Required work :: Pictures aside, quote the whole listing exactly.

:: Information shown

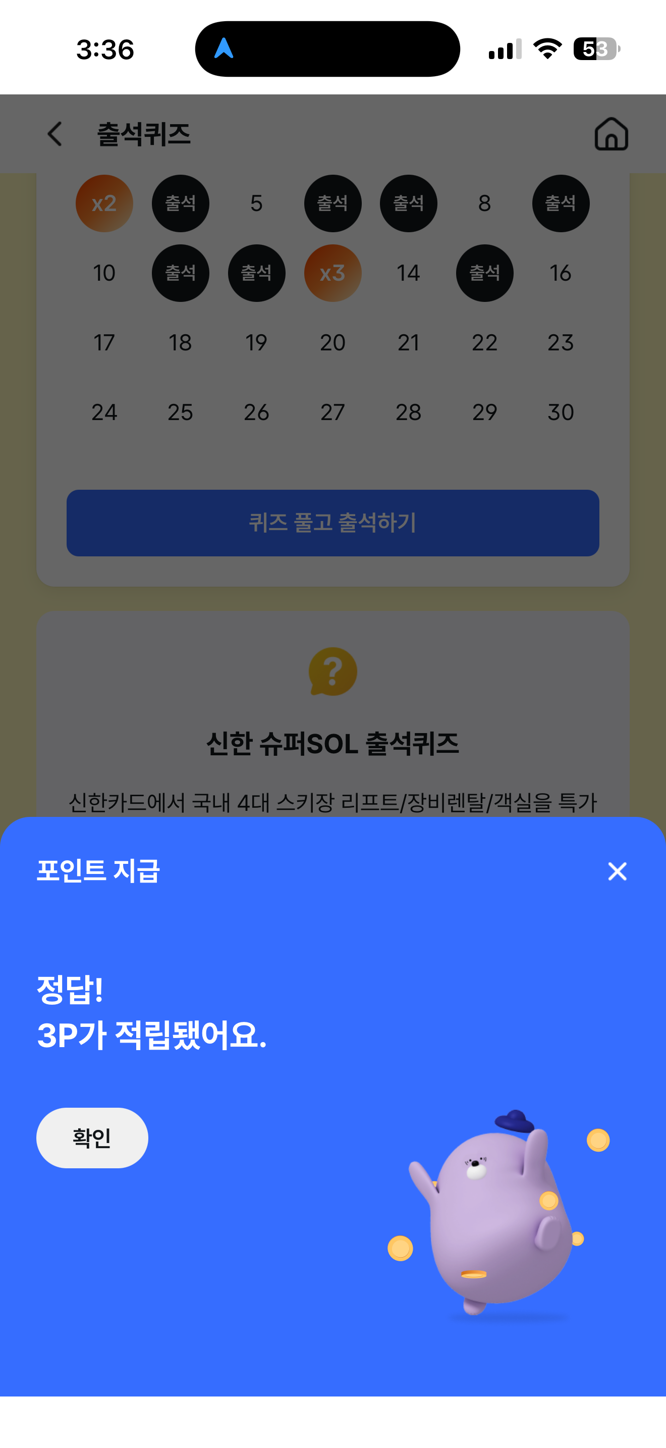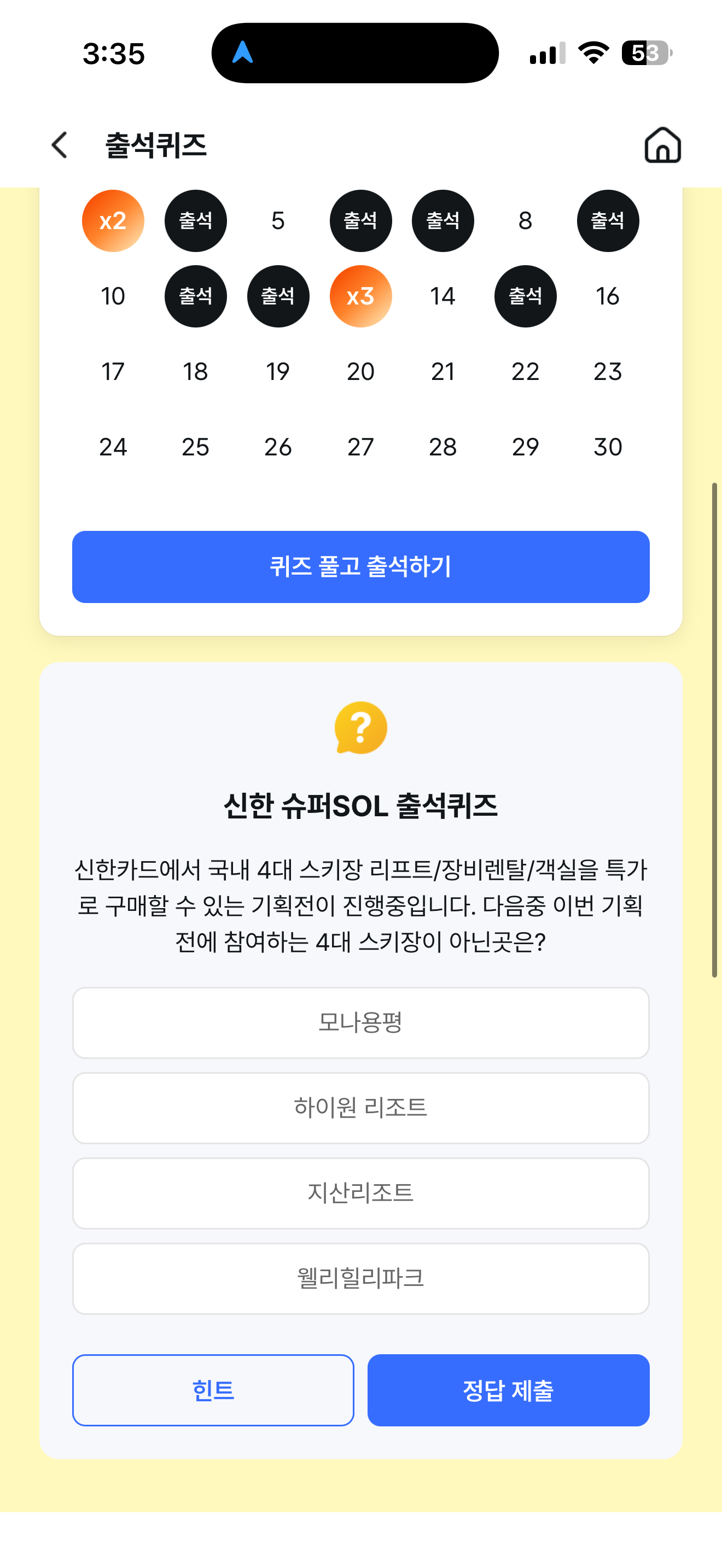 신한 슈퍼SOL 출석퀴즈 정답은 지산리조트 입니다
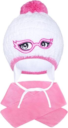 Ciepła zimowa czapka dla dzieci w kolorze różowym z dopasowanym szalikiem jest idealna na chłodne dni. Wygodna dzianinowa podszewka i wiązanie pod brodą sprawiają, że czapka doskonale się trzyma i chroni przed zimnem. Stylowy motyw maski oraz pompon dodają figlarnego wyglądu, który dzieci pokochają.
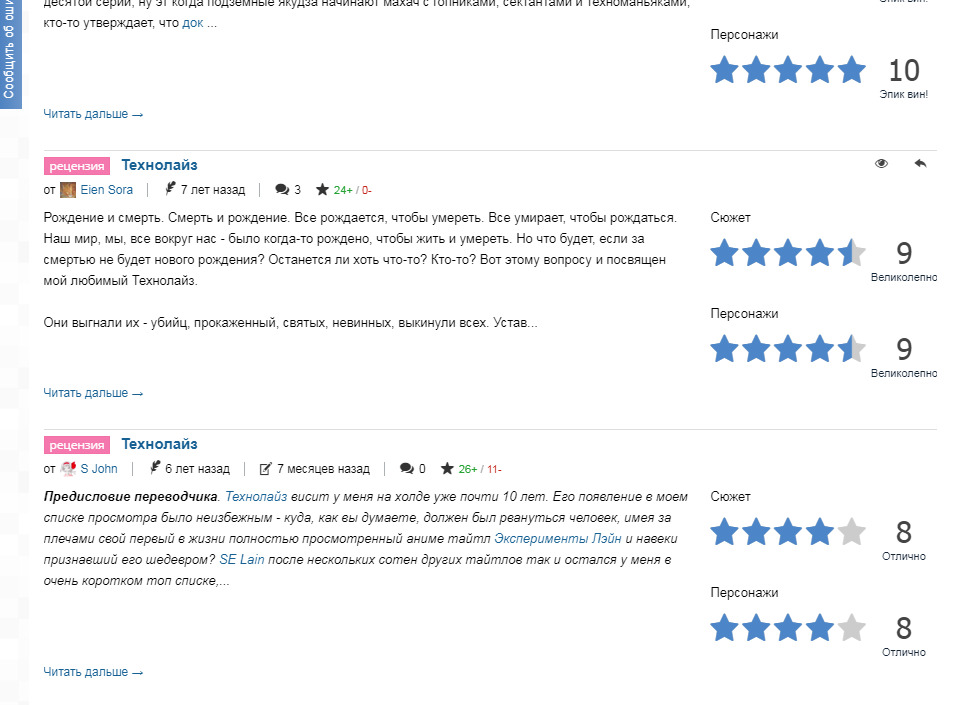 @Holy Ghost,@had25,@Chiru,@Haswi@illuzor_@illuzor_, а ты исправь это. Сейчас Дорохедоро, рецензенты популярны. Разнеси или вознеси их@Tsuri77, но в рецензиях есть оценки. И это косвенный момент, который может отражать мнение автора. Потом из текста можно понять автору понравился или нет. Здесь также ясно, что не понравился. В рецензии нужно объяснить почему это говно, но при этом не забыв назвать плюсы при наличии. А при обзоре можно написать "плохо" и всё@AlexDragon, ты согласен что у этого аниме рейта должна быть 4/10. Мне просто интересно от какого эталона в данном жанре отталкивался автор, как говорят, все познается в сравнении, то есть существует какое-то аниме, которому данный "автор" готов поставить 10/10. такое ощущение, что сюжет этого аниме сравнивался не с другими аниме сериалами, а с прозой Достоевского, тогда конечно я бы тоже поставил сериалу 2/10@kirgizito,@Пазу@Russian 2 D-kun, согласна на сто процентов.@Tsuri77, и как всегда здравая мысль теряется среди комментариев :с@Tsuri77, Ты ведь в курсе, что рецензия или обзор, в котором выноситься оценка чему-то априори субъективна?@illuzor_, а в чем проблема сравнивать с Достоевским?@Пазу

::::

Result of this exercise ::
 신한 슈퍼SOL 출석퀴즈 정답은 지산리조트 입니다
 Ciepła zimowa czapka dla dzieci w kolorze różowym z dopasowanym szalikiem jest idealna na chłodne dni. Wygodna dzianinowa podszewka i wiązanie pod brodą sprawiają, że czapka doskonale się trzyma i chroni przed zimnem. Stylowy motyw maski oraz pompon dodają figlarnego wyglądu, który dzieci pokochają.
 @Holy Ghost,@had25,@Chiru,@Haswi@illuzor_@illuzor_, а ты исправь это. Сейчас Дорохедоро, рецензенты популярны. Разнеси или вознеси их@Tsuri77, но в рецензиях есть оценки. И это косвенный момент, который может отражать мнение автора. Потом из текста можно понять автору понравился или нет. Здесь также ясно, что не понравился. В рецензии нужно объяснить почему это говно, но при этом не забыв назвать плюсы при наличии. А при обзоре можно написать "плохо" и всё@AlexDragon, ты согласен что у этого аниме рейта должна быть 4/10. Мне просто интересно от какого эталона в данном жанре отталкивался автор, как говорят, все познается в сравнении, то есть существует какое-то аниме, которому данный "автор" готов поставить 10/10. такое ощущение, что сюжет этого аниме сравнивался не с другими аниме сериалами, а с прозой Достоевского, тогда конечно я бы тоже поставил сериалу 2/10@kirgizito,@Пазу@Russian 2 D-kun, согласна на сто процентов.@Tsuri77, и как всегда здравая мысль теряется среди комментариев :с@Tsuri77, Ты ведь в курсе, что рецензия или обзор, в котором выноситься оценка чему-то априори субъективна?@illuzor_, а в чем проблема сравнивать с Достоевским?@Пазу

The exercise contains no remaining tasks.